**EXERCISE BRIEF:**
Your answer must be an exact copy of the data, without any pictures.

**DATA EXTRACT:**
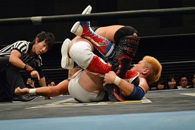 三富力で切り返しヘッドロック(右写真)からフライングメイヤー、
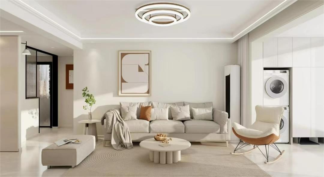 客厅整体浅色调,用软装点亮空间。
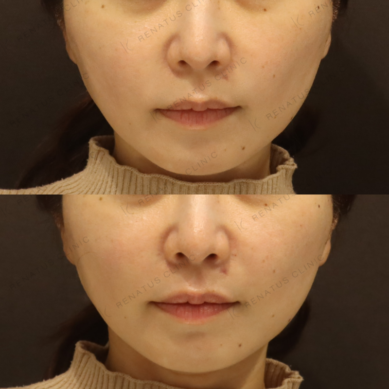レナトゥスクリニック新宿院では、施術前のカウンセリングで鼻全体・顔全体のバランスを丁寧に分析し、患者様のご希望と顔立ちに合ったデザインを一緒に確認しています。注入量・位置・深度を明確に説明したうえで施術を行うため、「なりたいイメージ」と「実際の仕上がり」のギャップを最小限に抑えることができます。

**ANSWER:**
 三富力で切り返しヘッドロック(右写真)からフライングメイヤー、
 客厅整体浅色调,用软装点亮空间。
レナトゥスクリニック新宿院では、施術前のカウンセリングで鼻全体・顔全体のバランスを丁寧に分析し、患者様のご希望と顔立ちに合ったデザインを一緒に確認しています。注入量・位置・深度を明確に説明したうえで施術を行うため、「なりたいイメージ」と「実際の仕上がり」のギャップを最小限に抑えることができます。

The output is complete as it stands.